L’inéluctable évolution des secteurs et les « barbares » du numérique

«Comment les équilibres se modifient-ils face à l’entrée de nouveaux acteurs disruptifs ? Grands groupes et plus petites entreprises doivent faire face à ces nouveaux « barbares » : quelles innovations, quelles stratégies mises en œuvre, quelles nouvelles opportunités ?» Ces questions ont été évoquées lors de deux cessions et on démontrait que de nombreux secteurs – tels que la restauration, le transport, l’immobilier et la construction, la banque et les fintech, la beauté et l’hôtellerie – ont modifié les problématiques relatives à leur tectonique des secteurs.

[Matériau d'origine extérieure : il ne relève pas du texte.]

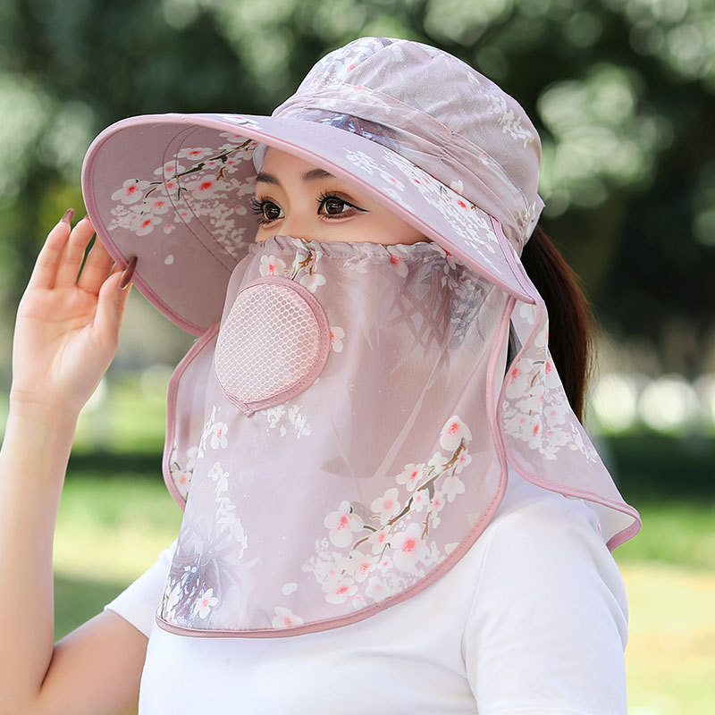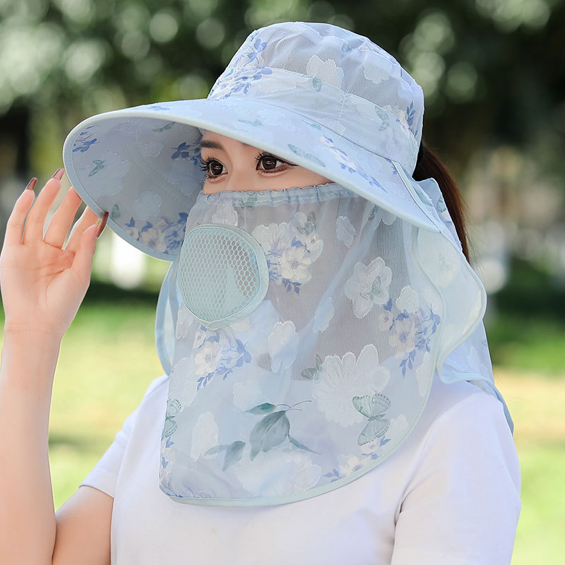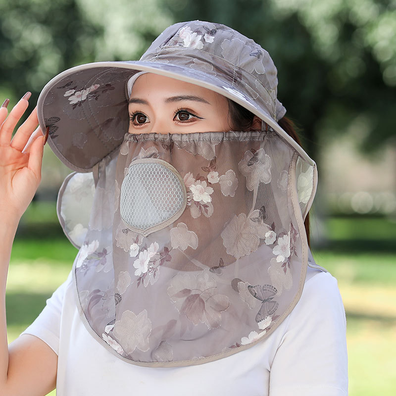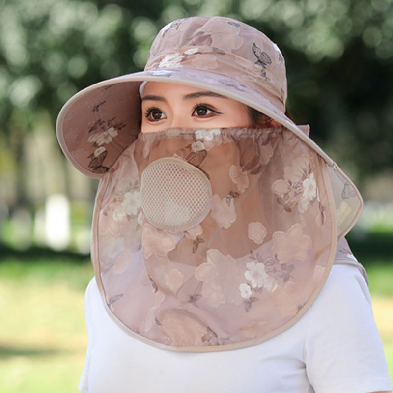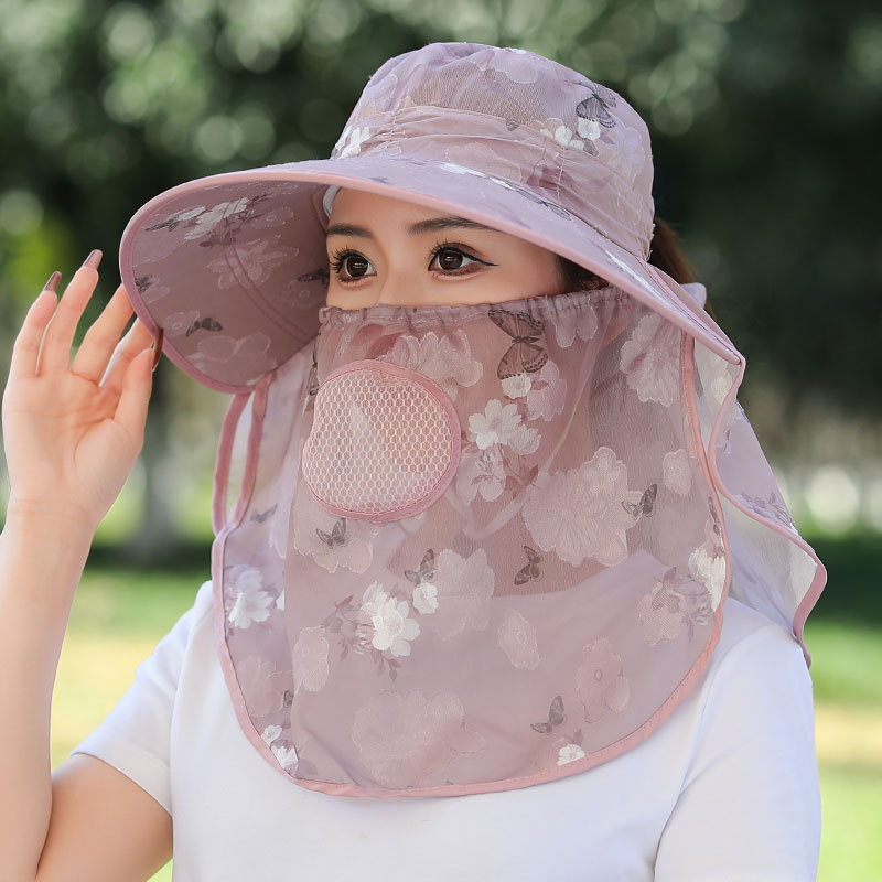 모자 여성의 여름 얇은 야외 태양 모자 마스크 자외선 차단 작업 태양 모자 커버 얼굴 차 따기 태양 모자

Même si ces secteurs diffèrent, leur capacité de résilience est commune. Dans le secteur de la logistique et du transport, l’avènement d’Uber a entraîné deux conséquences majeures: l’apparition d’un nouveau business modèle et celle du taxi low-cost. L’apparition d’Airbnb dans l’hébergement est un autre exemple de ces duels opposant les établis et les nouveaux challengers sur un même secteur. Ainsi, le numérique touche et bouleverse tous les modèles. Dans ces secteurs distincts, une même thématique incite au changement: le fait que les logiques disruptives soient fortes. Dans ces secteurs d’activité, le réseau et le fait d’être connecté avec ses clients ont de plus en plus de valeur.

Ainsi, les entrepreneurs font face à pléthore d’opportunités. In fine, l’actuelle mutation numérique est une immense aubaine pour la création de richesse et l’activité dans tous les secteurs. Riche d’une forte capacité d’innovation, de nombreux talents formés par un système de formation supérieur d’excellent niveau, d’entreprises innovantes à forte croissance et présentant une véritable dynamique de création d’entreprise, la France doit absolument saisir cette chance. Voilà tout l’enjeu actuel auquel cette dernière doit et devra faire face dans les années à venir.